# Mean Value Theorem Question

by calcnd
Tags: theorem
 P: 20 Use the Intermediate Value Theorem and/or the Mean Value Theorem and/or properties of $$G'(x)$$ to show that the function $$G(x) = x^2 - e^{\frac{1}{1+x}}$$ assumes a value of 0 for exactly one real number x such that 0 < x < 2 . Hint: You may assume that $$e^{\frac{1}{3}} < 2$$. So I'm completely lost. Here's the first thing I tried: $$G(x) = 0$$ $$0 = x^2 - e^{\frac{1}{1+x}}$$ $$e^{\frac{1}{1+x}} = x^2$$ $$lne^{\frac{1}{1+x}} = lnx^2$$ $$\frac{1}{1+x} = 2lnx$$ $$1 = 2(1+x)lnx$$ $$\frac{1}{2} = (1+x)lnx$$ Which isn't quite getting me anywhere. And I'm not sure how the mean value theorem is going to help me out much more since: $$G'(c) = \frac{G(2) - G(0)}{2-0}$$ $$2c + (1+c)e^{\frac{1}{1+c}} = \frac{[2^2-e^{\frac{1}{3}}] - [0^2 - e]}{2}$$ $$4c + (2+2c)e^{\frac{1}{1+c}} = 4 - e^{\frac{1}{3}} + e$$ Which isn't going to simply easily. Oy vey... Any help or hints would be appreciated. Edit: There, I think I finally got it to render correctly.

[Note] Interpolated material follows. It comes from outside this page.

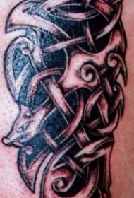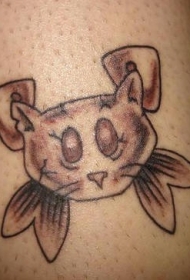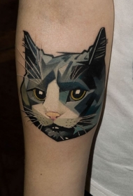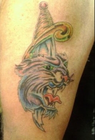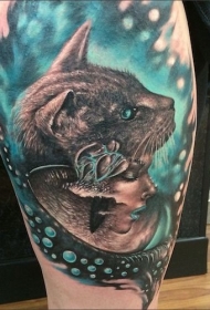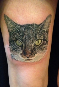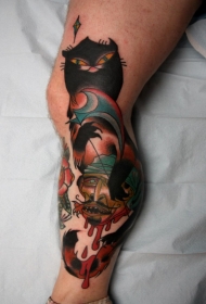 腿部old school彩色血腥人头与爬行猫纹身图案
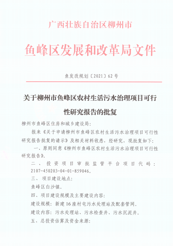 - 鱼发改规划〔2021〕62号 关于柳州市鱼峰区农村生活污水治理项目可行性研究报告的批复

 P: 20 Hrm, that's what I'm not sure of. I know the x value is within the interval, due to the intermediate value theorem, as you stated. I could suggest that I solve $$G'(x)=0$$, but I could imagine that would be useless as there's no reason to think that $$G(c)=0$$ is a critical point. :S
 P: 18 Mean Value Theorem Question Look at $$G'(x)$$ and decide what its properties are for 0
 P: 20 Heh... I noticed I did my derivative entirely wrong. I guess that's why you shouldn't use the computer when you're tired. Anyways, $$G(0)=0^2-e^(\frac{1}{1+0})$$ $$=-e$$ Which is < 0 $$G(2)=2^2-e^{\frac{1}{1+2}}$$ $$=4-e^{\frac{1}{3}}$$ Which is > 0 Meaning $$G(x)=0$$ is contained somewhere between x=0 and x=2. $$G'(x)=2x + {e^{\frac{1}{1+x}}\over{(1+x)^2}}$$ But I'm not having an easy time trying to solve this equal to zero to find my critical numbers. It seems relatively safe to assume that $$G(x)$$ is increasing on this interval.